Hi,
On 2017-12-22 11:00:54 -0500, Tom Lane wrote:
> Andres Freund <andres@anarazel.de> writes:
> > Use new overflow aware integer operations.
>
> I just tried to compile manually on prairiedog for the first time since
> this went in, and noticed that it now produces a boatload of warnings
> like
>
> int.c: In function 'int2pl':
> int.c:735: warning: 'result' may be used uninitialized in this function
>
> I think it's entirely within its rights to complain, because
> the non-builtin code paths in int.h look like
>
> int32 res = (int32) a + (int32) b;
>
> if (res > PG_INT16_MAX || res < PG_INT16_MIN)
> return true;
> *result = (int16) res;
> return false;
>
> and so if an overflow occurs then *result won't get set.
>
> I do not think it is reasonable for these functions to not set the
> output variable at all in the overflow case; it is not their job
> to opine on whether the caller may use the result.
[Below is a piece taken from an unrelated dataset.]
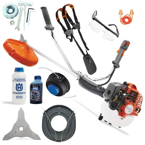 Peso (sem equipamento de corte) 5.1 kg Equipamento Lâmina Multi 255-3 Cinturão Cinturão duplo padrão Cabeçote com fio de náilon T35 M10 Lubrificante
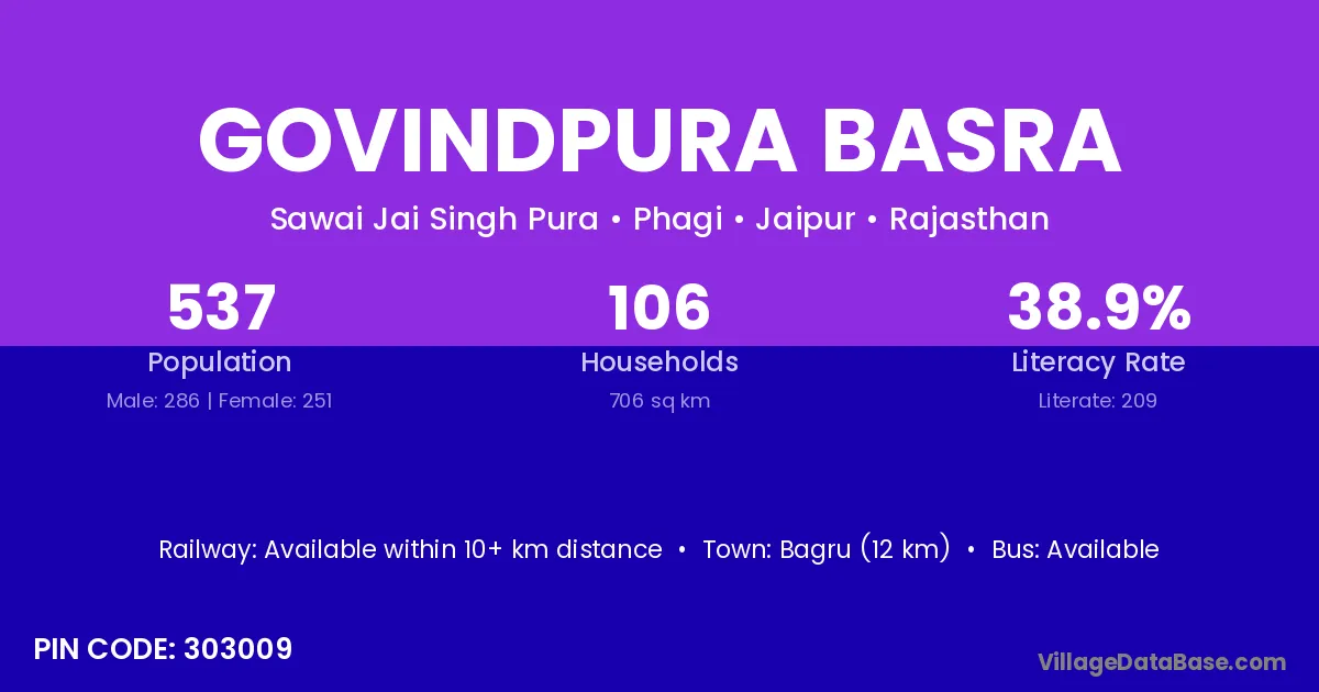 Bagru (12 km) is the nearest town to Govindpura Basra village for major economic activities and is located approximately 12 km away.

I don't agree. Please note that that the function's documentation
explicitly says "The content of *result is implementation defined in
case of overflow.".
> Furthermore, this is an incorrect emulation of the built-in functions;
> the gcc manual clearly says
> These built-in functions promote the first two operands into
> infinite precision signed type and perform addition on those
> promoted operands. The result is then cast to the type the third
> pointer argument points to and stored there. If the stored result
> is equal to the infinite precision result, the built-in functions
> return false, otherwise they return true.
>
> So as coded, there is a difference of behavior depending on whether
> you have the built-in, and that cannot be anything but bad.
The problem is that other intrinsic implementation we might want to use
in the future, like microsoft's, do *not* exactly behave that way. So I
think defining this as implementation defined is the right thing to do.